Correcting common errors in identifying cancer-specific serum peptide signatures

Affiliations

Correcting common errors in identifying cancer-specific serum peptide signatures

Josep Villanueva et al. J Proteome Res. 2005 Jul-Aug.

Abstract

"Molecular signatures" are the qualitative and quantitative patterns of groups of biomolecules (e.g., mRNA, proteins, peptides, or metabolites) in a cell, tissue, biological fluid, or an entire organism. To apply this concept to biomarker discovery, the measurements should ideally be noninvasive and performed in a single read-out. We have therefore developed a peptidomics platform that couples magnetics-based, automated solid-phase extraction of small peptides with a high-resolution MALDI-TOF mass spectrometric readout (Villanueva, J.; Philip, J.; Entenberg, D.; Chaparro, C. A.; Tanwar, M. K.; Holland, E. C.; Tempst, P. Anal. Chem. 2004, 76, 1560-1570). Since hundreds of peptides can be detected in microliter volumes of serum, it allows to search for disease signatures, for instance in the presence of cancer. We have now evaluated, optimized, and standardized a number of clinical and analytical chemistry variables that are major sources of bias; ranging from blood collection and clotting, to serum storage and handling, automated peptide extraction, crystallization, spectral acquisition, and signal processing.
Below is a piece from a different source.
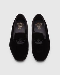 The Sovereign 2 loafer captures all the regal sophistication of the historical slippers it’s inspired by. Worn by nobility in the 1800’s, these ornate items were crafted in sumptuous velvet to match equally ostentatious loungewear. Reinterpreted as a fashion item with luxurious leanings, it features a ‘King John Crown’ crest embroidered onto the upper, echoing the shoe's English heritage. Finished with a grosgrain edge and lined in quilted silk for comfort. A short block heel adds a sense of formality, making it appropriate for evening events.------Made in Northampton, England. • Product code: ES0042_9WQ_F0AAB_F_000000 • Loafer with black crown embroidery to vamp--- • Velvet upper--- • Grosgrain topline--- • Last 54--- • Leather sole--- • Quilted silk lining--- • Church’s crest to sock and sole--- • We advise to purchase a half size bigger than your usual size • Imported product

In addition, proper alignment of spectra and user-friendly visualization tools are essential for meaningful, certifiable data mining. We introduce a minimal entropy algorithm, "Entropycal", that simplifies alignment and subsequent statistical analysis and increases the percentage of the highly distinguishing spectral information being retained after feature selection of the datasets. Using the improved analytical platform and tools, and a commercial statistics program, we found that sera from thyroid cancer patients can be distinguished from healthy controls based on an array of 98 discriminant peptides. With adequate technological and computational methods in place, and using rigorously standardized conditions, potential sources of patient related bias (e.g., gender, age, genetics, environmental, dietary, and other factors) may now be addressed.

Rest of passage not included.